The 32 sponge-filled containers were already set up in the room when the participant arrived. The two containers at locations (1,5) and (4,9) were taken out of the room, out of view of the participant, and each of these two sponges was impregnated with 30 drops of a single essential oil. Thus, two essential oils were used for each participant, each emanating from one container at one location. This was done while the participant was working on the self-report measures. The oils were always placed on the sponge’s green side, so that the application of the oil did not change its visual appearance; all sponges were placed green side up in the containers. After the essential oils were added, the containers were resealed and brought into the room, to control the timing of odor dispersal. Sponge containers were used immediately after preparation and were used only once, then replaced for each new participant. After being scented and resealed, the two sponge containers were replaced in their locations along the wall, unobserved by the participant, who was still completing self-reports in the hallway. Participants were not informed regarding the number, location, or identity of the odors.

Participants were then brought into the test room. All doors and windows were closed after the participant entered, and remained closed until all three experimental conditions were completed. The air purifier was turned off during testing. Participants were given the instructions (S1 File), and they were then asked to put on a cloth blindfold, insert disposable ear plugs, and put on sound-reducing headphones. Participants were then given one 30-second test experience of being led by the researcher while wearing these sensory covers, to familiarize them with the experience. To lead the participant in all conditions, the researcher walked next to the participant, holding his or her arm below the elbow and touching his or her shoulder, to direct the participant’s movement. After the 30-second familiarization period, participants were placed facing the corner at location (1,1), wearing the sensory covers. One researcher then removed the lids of all the sponge containers one by one, always starting with the container at location (1,1) and moving clockwise around the room. An interval of two minutes was begun when the lid was removed from the second odor-impregnated sponge at location (4,9).

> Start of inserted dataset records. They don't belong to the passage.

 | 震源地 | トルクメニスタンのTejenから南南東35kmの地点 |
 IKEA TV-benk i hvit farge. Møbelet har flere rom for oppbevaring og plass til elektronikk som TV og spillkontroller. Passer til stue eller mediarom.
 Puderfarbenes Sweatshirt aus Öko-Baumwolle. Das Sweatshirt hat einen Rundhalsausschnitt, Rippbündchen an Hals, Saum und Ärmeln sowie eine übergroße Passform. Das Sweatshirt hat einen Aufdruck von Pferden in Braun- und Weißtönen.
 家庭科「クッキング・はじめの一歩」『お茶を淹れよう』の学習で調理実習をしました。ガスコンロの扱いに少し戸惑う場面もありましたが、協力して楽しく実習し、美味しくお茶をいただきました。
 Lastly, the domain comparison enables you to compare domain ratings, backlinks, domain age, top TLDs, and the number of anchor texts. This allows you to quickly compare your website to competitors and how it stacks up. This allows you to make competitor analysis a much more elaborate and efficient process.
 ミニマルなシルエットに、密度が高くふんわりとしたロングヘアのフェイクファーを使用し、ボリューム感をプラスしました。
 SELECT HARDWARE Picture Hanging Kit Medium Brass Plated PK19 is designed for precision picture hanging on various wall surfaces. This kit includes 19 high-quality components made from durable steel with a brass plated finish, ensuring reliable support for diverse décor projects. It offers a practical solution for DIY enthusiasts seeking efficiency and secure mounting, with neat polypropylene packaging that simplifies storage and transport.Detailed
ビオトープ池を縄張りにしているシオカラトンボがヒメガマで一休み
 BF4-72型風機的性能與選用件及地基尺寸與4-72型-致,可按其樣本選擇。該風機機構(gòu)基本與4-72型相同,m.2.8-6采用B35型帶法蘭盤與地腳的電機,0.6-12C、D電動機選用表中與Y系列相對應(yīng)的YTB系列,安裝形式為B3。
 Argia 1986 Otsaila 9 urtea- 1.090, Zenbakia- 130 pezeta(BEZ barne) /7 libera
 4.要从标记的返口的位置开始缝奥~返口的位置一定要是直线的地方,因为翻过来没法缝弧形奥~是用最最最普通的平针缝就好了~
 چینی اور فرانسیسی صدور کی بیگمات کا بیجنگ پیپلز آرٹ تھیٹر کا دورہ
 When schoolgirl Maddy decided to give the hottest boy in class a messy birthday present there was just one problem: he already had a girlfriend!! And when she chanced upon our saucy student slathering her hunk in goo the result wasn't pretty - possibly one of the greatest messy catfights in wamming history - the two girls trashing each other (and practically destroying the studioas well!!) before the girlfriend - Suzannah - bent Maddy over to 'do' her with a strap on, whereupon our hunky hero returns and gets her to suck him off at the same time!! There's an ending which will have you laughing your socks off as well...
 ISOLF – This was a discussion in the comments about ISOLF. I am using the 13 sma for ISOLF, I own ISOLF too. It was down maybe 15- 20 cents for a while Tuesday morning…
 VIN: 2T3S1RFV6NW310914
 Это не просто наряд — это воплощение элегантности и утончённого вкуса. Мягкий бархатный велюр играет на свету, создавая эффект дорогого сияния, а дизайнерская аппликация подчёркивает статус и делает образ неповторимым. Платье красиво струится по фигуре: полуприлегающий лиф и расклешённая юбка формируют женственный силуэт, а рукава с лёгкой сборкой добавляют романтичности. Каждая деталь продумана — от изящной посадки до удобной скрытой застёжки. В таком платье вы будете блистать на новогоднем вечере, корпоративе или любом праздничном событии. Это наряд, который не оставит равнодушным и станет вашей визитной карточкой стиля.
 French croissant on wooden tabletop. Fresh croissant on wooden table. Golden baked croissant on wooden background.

At the end of these two minutes, participants completed the Olfaction condition. In this condition, the goal was to assess whether participants could orient using only olfaction. To eliminate the use of dead reckoning to reorient to the target location, participants were disoriented before being led to the target. To accomplish this, one researcher led the participant at a walking pace circuitously around the room, continuously walking in small circles both to the left and to the right and never walking in a single direction for more than 3 steps in a row, for a total of 2 minutes (Fig 1B). Gentle spinning overwhelms the vestibular signal that would be necessary for dead reckoning, and can be done without resulting in vertigo or dizziness [31]. Pilot testing had indicated that this procedure was adequate to disorient a person wearing blindfold and ear covers, and that walking in this way did not result in vertigo or dizziness; indeed, no participant reported or showed evidence of any such adverse reaction. To verify that participants were indeed disoriented with regard to their location, a second researcher stood at location (1,1) to measure the participant’s state of disorientation. This researcher signaled four successive 30-second intervals with a hand signal. At each of the 30-second intervals, participants were tapped on the shoulder by the first researcher and instructed to point towards the entrance door. The direction in which the participants pointed was recorded on paper by the second researcher. The researchers communicated silently, using only hand signals. After two minutes, the participant was placed at the target location. This was the center of the target quadrant, and participants were always placed facing the wall that contained the entrance door, location (1,1; Fig 1C). Participants stood in their target location for one minute and were instructed to “smell what this location smells like.” After this, participants were led circuitously around the room for one minute to return to the start point, location (1,1).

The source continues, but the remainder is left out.